I think “Songs” (1959) by Christopher Logue could be an alternative start-point to ‘City’. Or, Donald Allen’s famous anthology was possibly the most influential book. “Originally published: 29 May 1960” according to Wikipedia.”

So we have two problems: that very little happened for several years after ‘City’ and that the 1950s were not poetically blank but had people who had visibly dropped out and were following alternative artistic routes (even if barely published).
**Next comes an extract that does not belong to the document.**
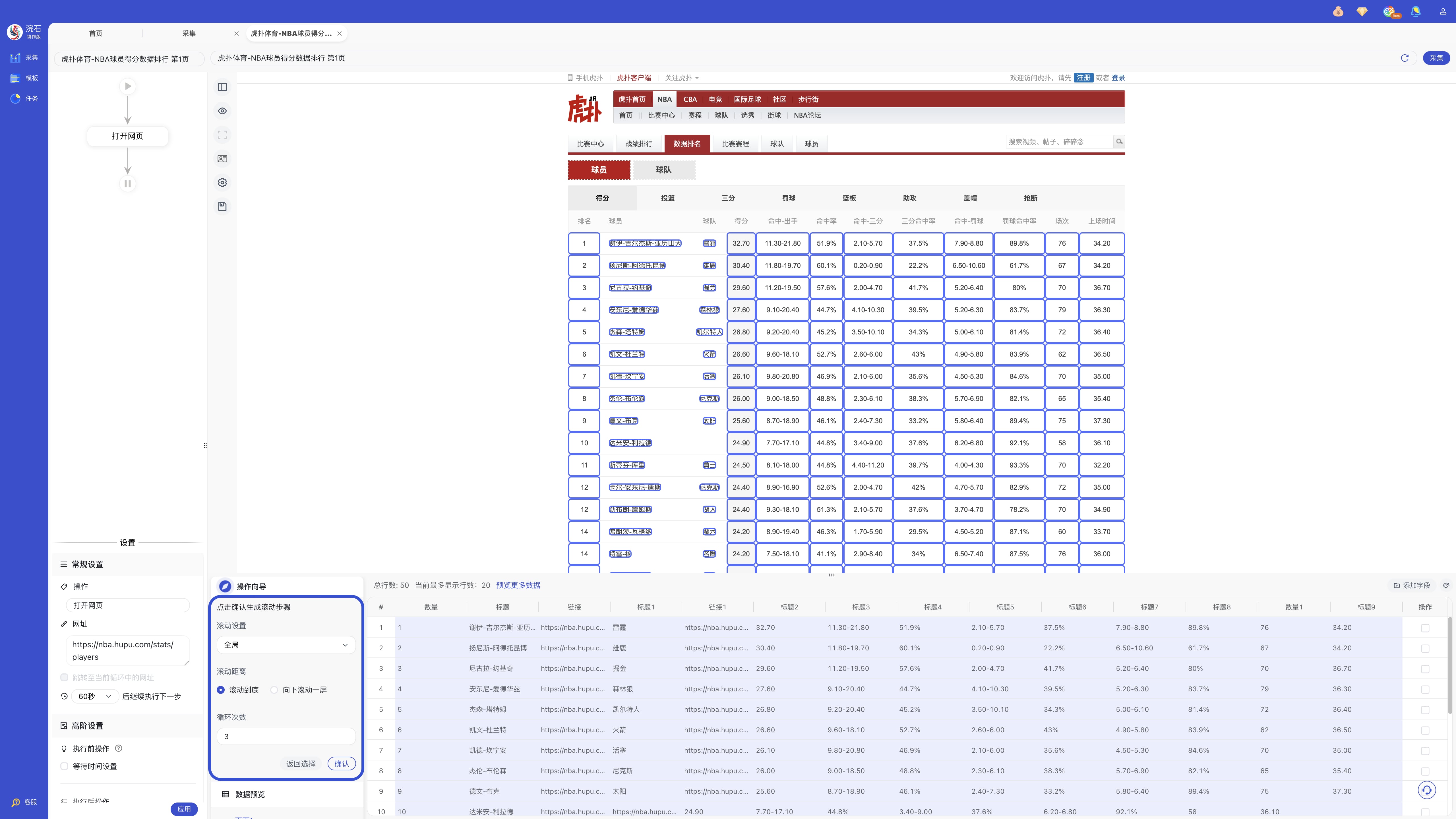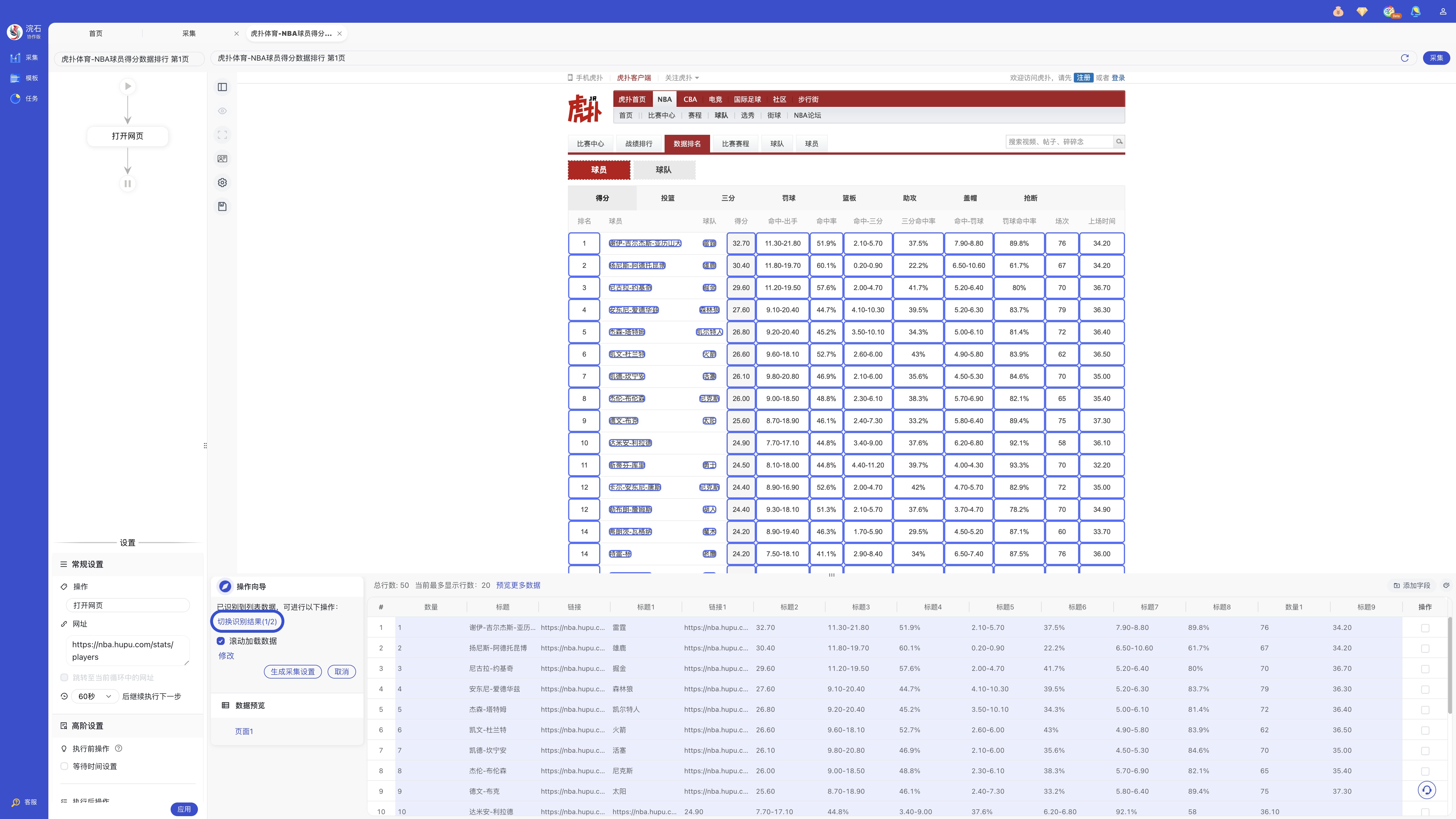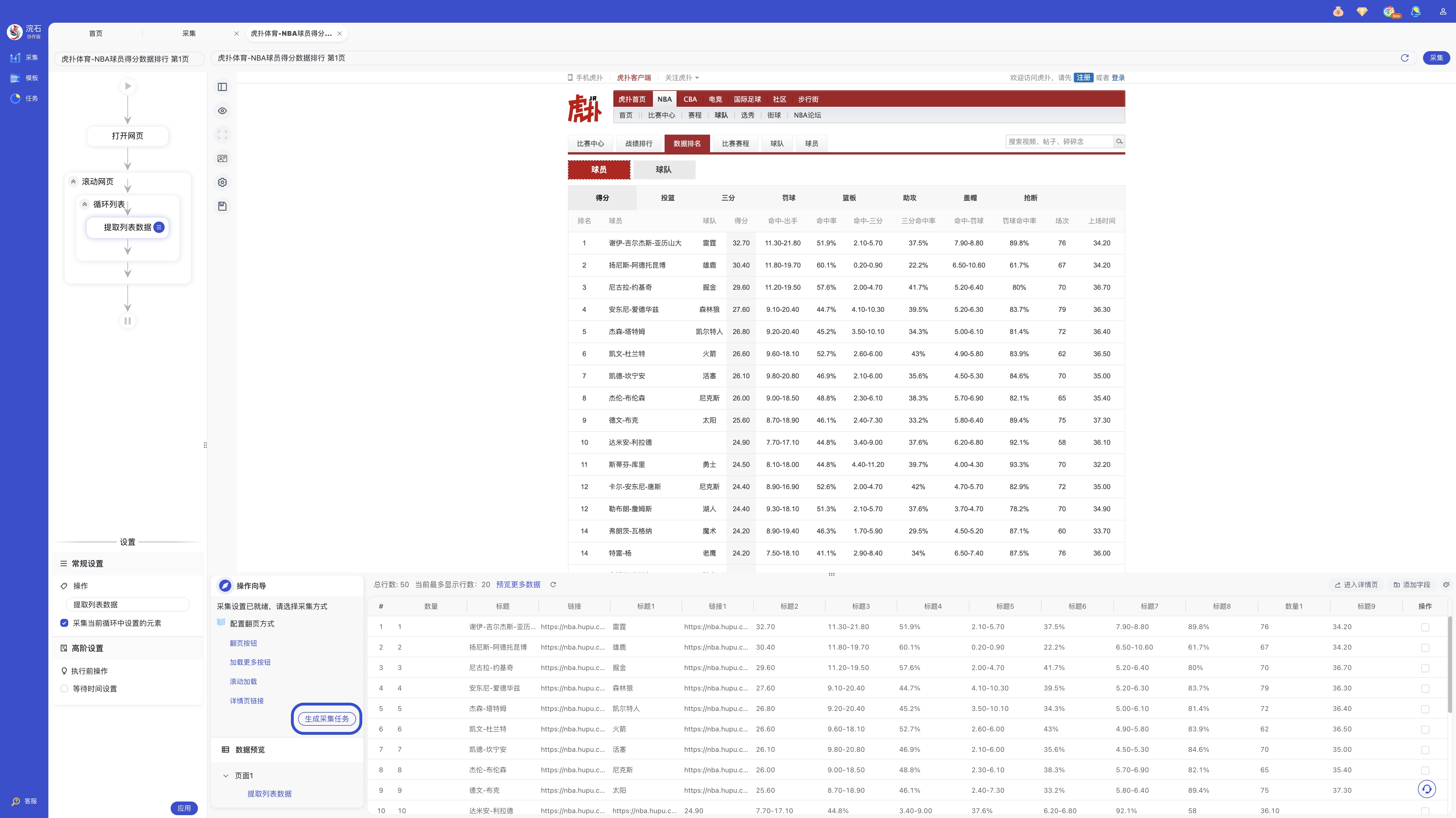 步骤一:输入目标网址,示例网址为https://nba.hupu.com/stats/players,点击「开始采集」或按回车键进入自定义采集页。

Also, Martin Booth’s work on modern British poetry starts the new thing in 1964. Fulcrum are often cited along with Migrant as blasting open the door to a new era, but a check of the Poetry Library catalogue suggests that they started in 1965 (with books by Bunting and Hamilton Finlay). This is an argument which nobody is going to win. Of course the idea of dropping out became much more collective with the Summer of Love (967) and the mass student revolt of 1968. That is not a start point unless we bypass earlier poetic works by at least half a dozen poets.
For the poets emerging in the 1980s, it is clear that they were joining something which already existed (and that applies even if they had great difficulty getting published, hunting for loose resources which actually weren't there). However, that also means that they had to be accepted by other Alternative poets as alternative: the old ”I is modern but you isn’t” to and fro. This is less simple than just saying “to hell with Poetry Review”.

There is some confusion about City but evidently Migrant published one part in 1961 and another ("Then hallucinations: City II") in 1962. Other early Migrant titles were from Matthew Mead, Gael Turnbull, and Edwin Morgan ("Sovpoems"). Attention should be drawn to:

Latterday chrysalides
Author:
Hill, Hugh Creighton
Published:
Worcester : Migrant Press, 1961

A soundproof gesture: selected poems
Author:
Hill, Hugh Creighton
Published:
Malvern : Migrant Press, 1982

Creighton Hill had published his first book in 1928 and was probably a hangover from the first Modernist era. There are tantalising traces of his activity in the 1950s but in general he was someone else who was stuck on the outside (his phrase "soundproof gesture" probably refers to this). It is remarkable that Migrant found him, and the story of this contact would be interesting. In a bookseller catalogue I can see:
Some Propositions from the Universal Theorem
Hugh Creighton Hill
Published by The Heron Press, 1954

and Heron Press was a sort of proto-Migrant, on an even smaller scale. They published Vincent Ferrini. and there was a magazine called "Artisan". Maybe that one sentence of the Intro is fixed now?